Other participants who rejected the argument about the current possibility of fascism pointed to the development of populism and how its irrationality gives impetus to the calls to defend democracy: “Despite similar rhetoric, today’s rise of populism occurs not in the context of a bourgeoisie united with a perspective towards total war, but of a bourgeoisie which cannot organise itself for even the most basic regulation of its economy and state. We think this is an important distinction, but clearly we should not be caught off guard; the situation is in many ways more dangerous today than in the past.” This was echoed in another intervention: “Today’s populist movements, which are often presented as fascist, are a product of the current situation and specifically the decomposition of capitalism with its consequences of incoherence, irrationality and often incompetence.”

Conclusion

This was a useful discussion with a high level of engagement by a large number of participants showing that the subject remains relevant. At its core was the question of the nature of democracy and its relationship to fascism. They are presented as polar opposites but, by considering the history of the ‘Spanish revolution’, we can see that the one was the condition for the other. By drawing the working class from its fight against the whole of capitalism and bourgeois society, the democratic myth and the forces of the left that called for its defence helped defeat the working class and open the road to fascism and global war.
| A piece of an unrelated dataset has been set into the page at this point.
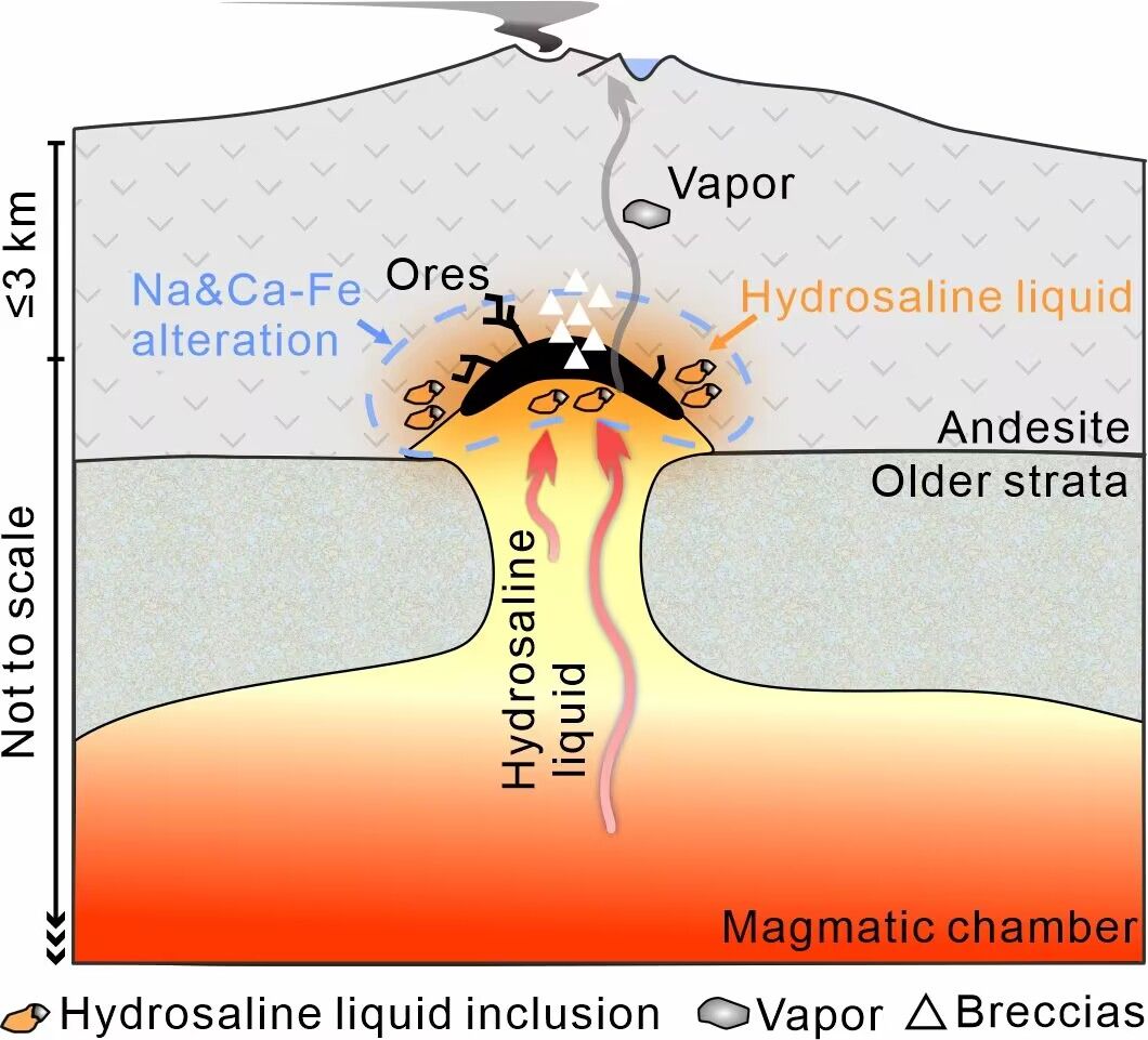 基于系统的矿床学、矿物学、流体包裹体和同位素地球化学研究,研究团队提出了一个全新的成矿模型(图 2):起源于交代地幔的高氯/水比(Cl/H2O)闪长质岩浆侵位到地壳浅部时发生高温高盐熔流体出溶作用,较轻的高盐熔流体在玢岩体的顶部聚集或运移到其他有利位置(如玢岩与围岩的接触带和断裂带),并与围岩发生强烈的水岩反应,形成以钠长石和方柱石为代表的钠化蚀变和浸染状磁铁矿;同时,巨量高温高盐熔流体的聚集导致围岩发生热液角砾岩化,在此过程中高盐熔流体迅速减压和降温,并在裂隙和断裂带中充填,导致其中的铁氧化物快速过饱和沉淀,形成脉状、角砾状及块状等充填构造矿石。

In understanding how the ideology of democracy has been used against the working class and by showing how ‘revolutionary’ posturing by the forces of the left of capital, whether under the mask of socialism, Trotskyism or anarchism, reinforced this ideology, revolutionaries can arm themselves against its use today and tomorrow. Today the campaigns against Trump, and populism generally, are drawing on this ideology, seeking to pull the working class into defending democracy, and with it the whole edifice of obsolescent, decomposing capitalism. This cannot be halted by united fronts, popular fronts or any compromise with ruling class but only by the independent, self-organised struggle of the working class across the globe. If this seems a distant prospect today it is not brought nearer by compromise with any part of the class enemy. In seeking to clarify this, the meeting was a small moment in an essential process.